Comment avez-vous imaginé le projet Gare Maritime ?
La Gare Maritime, qui date du début du XXe siècle, était l’une des plus grandes gares de marchandises d’Europe. La question était de savoir comment donner une nouvelle vie à cet espace historique puissant, désaffecté depuis plus de trente ans. Avec Extensa, notre client et développeur du projet, nous avons imaginé le concept de la « ville où il ne pleut jamais ». L’idée est de restaurer la structure d’origine en acier et de construire sous celle-ci une ville ouverte sur Bruxelles. Nous avons donc créé un plan comportant douze blocs de construction intérieurs placés sous les arches et respectant le rythme de la structure existante. Il en résulte un plan de ville complet, avec des rues, des places et des espaces verts. Les trois nefs centrales sont laissées libres et ouvertes pour conserver la sensation d’espace qui régnait dans le bâtiment et pour créer un grand domaine public pouvant accueillir différents types d’événements. Les blocs sont construits entièrement en bois et préfabriqués pour s’imbriquer facilement dans la structure d’origine. Cela permet de bâtir rapidement, sans avoir besoin de couler du béton.

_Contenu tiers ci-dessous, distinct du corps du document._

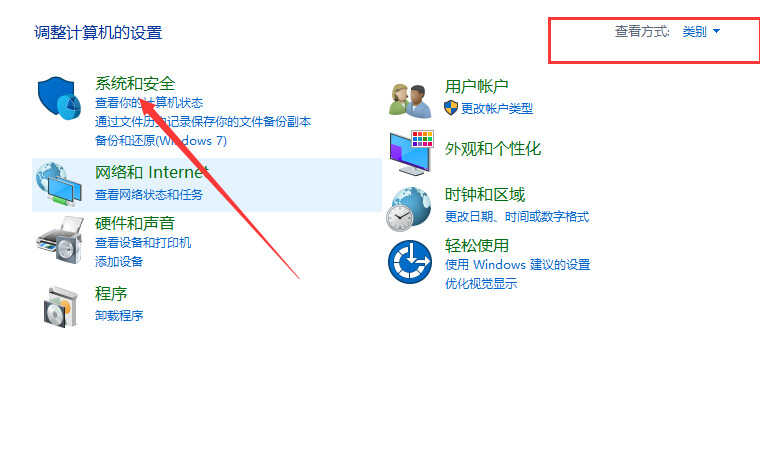 2.打开后,把右上角的查看方式改成类别,选择系统和安全性。
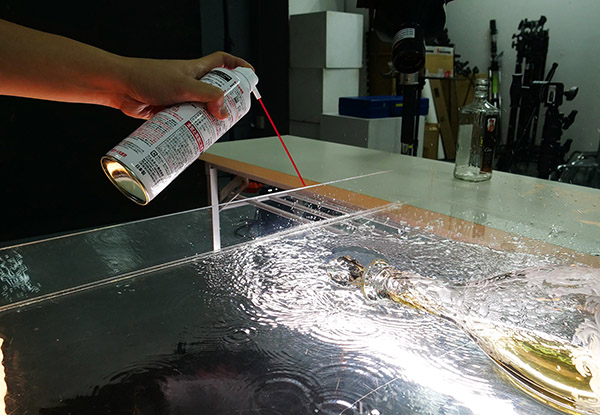 このライティング状態で水槽に水を入れて、エアスプレーで飛沫を作り撮影。
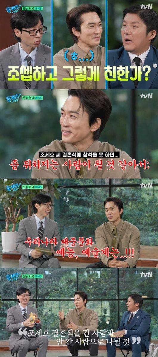 이날 '유 퀴즈 온 더 블럭'에는 배우 송승헌이 게스트로 출연했다. 유재석은 "조셉 결혼식에 많은분들이 왔지만 승헌씨가 와있더라. 조셉하고 그렇게 친한가? 몰랐다. 왜냐면 조셉 친한분들 웬만큼 얘기들어서 제가 아는데"라고 조세호 결혼식에 참석하게 된 계기를 물었다.
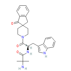 | SMILES | CC(C)(N)C(=O)N[C@H](Cc1c[nH]c2ccccc12)C(=O)N1CCC2(CC1)Cc1ccccc1C2=O |
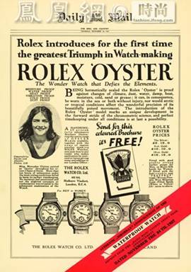 劳力士与1926年开创了“蚝式腕表(Oyster)”的先河,这一根据牡蛎壳设计防水表壳在那个时代表现出超凡的防水性能。当1927年Gleitze佩戴一只劳力士蚝式腕表成功横渡英吉利海峡,腕表丝毫无损后。劳力士声名鹊起,终成一代顶级名表。
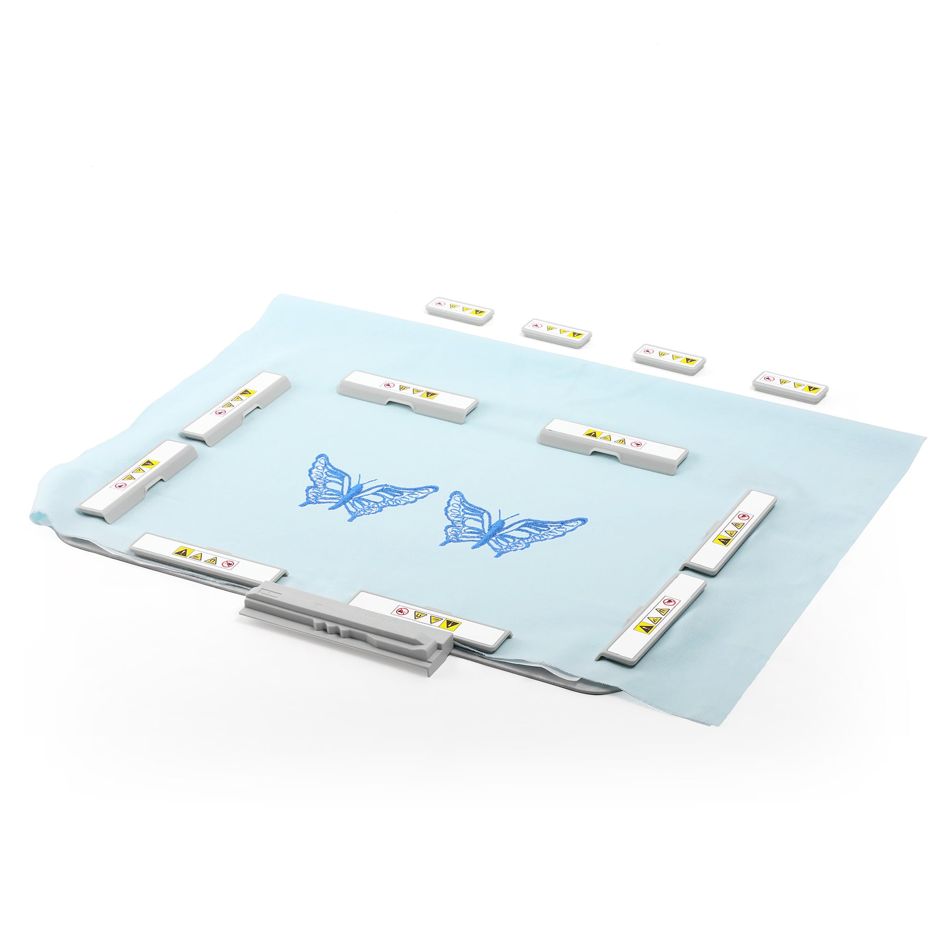 Firmly secures fabric for embroidery while allowing quick adjustments—simply lift and reposition individual magnets without removing the whole hoop. -
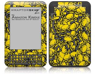 Scattered Skulls Yellow - Decal Style Skin fits Amazon Kindle 3 Keyboard (with 6 inch display)
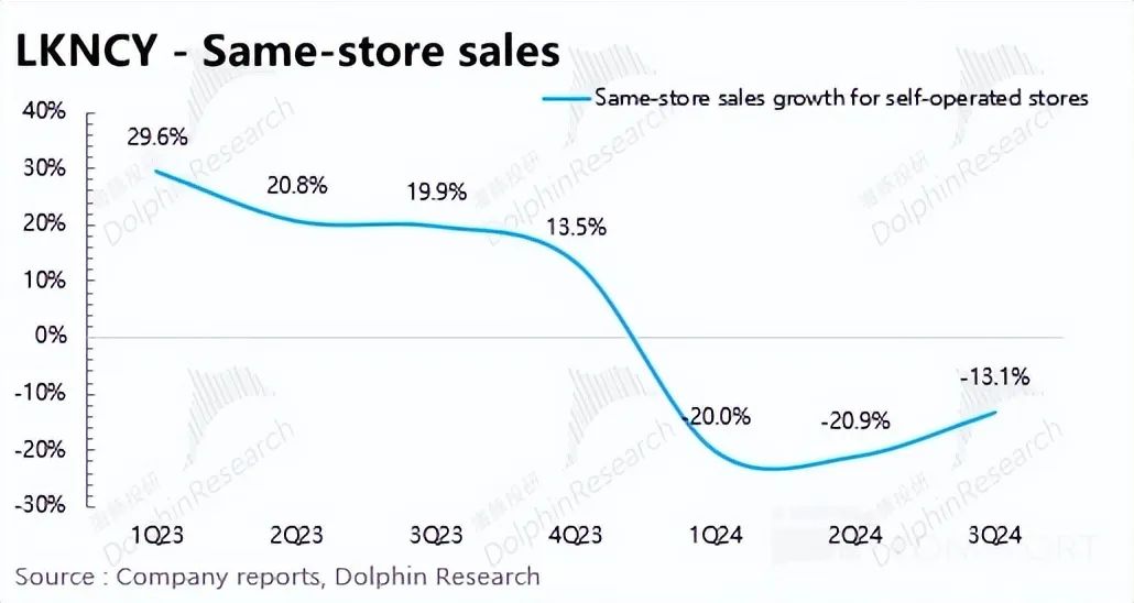 1)Q3 同一商店的营业额同比下降 与第二季度相比,13.1%收窄 7.8pct。海豚君认主要是由于开店速度放缓,新店分流影响减弱。另外,根据我们的计算,直营店单店的收入和利润在旺季 在减少补贴的背景下,也逐步进步,实现 55 万元、13 一万元,利润率修复到 23%。考虑到去年同期,瑞幸推出了一款爆款酱香拿铁,无论是杯量还是杯量。 ASP 从数量的角度来看,所以海豚君感觉到了。 Q3 商店的收入修复情况比较好。

Quelles sont les principales mesures prises en termes de développement durable ?
Outre le choix des matériaux qui inscrit le projet dans le principe d’économie circulaire, la composition spatiale des nouveaux blocs intégrés est en elle-même très durable. Leur grande flexibilité leur permet d’accueillir toutes sortes de programmes et d’y apporter des changements à l’avenir, garantissant ainsi une longue durée de vie au bâtiment. Du point de vue énergétique, le concept de « bâtiments dans un bâtiment » permet une double isolation et l’utilisation des halls comme tampons climatiques, contribue à réduire les besoins énergétiques. Ceux-ci sont d’ailleurs satisfaits par des énergies renouvelables exclusivement.
Selon vous, que doit être une Smart City ?
Une ville intelligente est une ville soigneusement conçue, qui propose de bonnes conditions de vie à ses habitants et qui façonne une société inclusive et durable. Lors de la conception d’une ville intelligente, l’objectif ne devrait pas être de mettre en œuvre tout ce qu’il est possible d’élaborer, mais bien de déterminer ce que nous voulons réaliser. Lorsqu’on sait où l’on veut aller, on peut mettre en œuvre les bons moyens pour atteindre l’objectif. Ainsi, une ville intelligente n’est pas une simple superposition de technologies, mais un juste équilibre entre basse technologie et haute technologie, dans le cadre d’une stratégie globale de conception urbaine.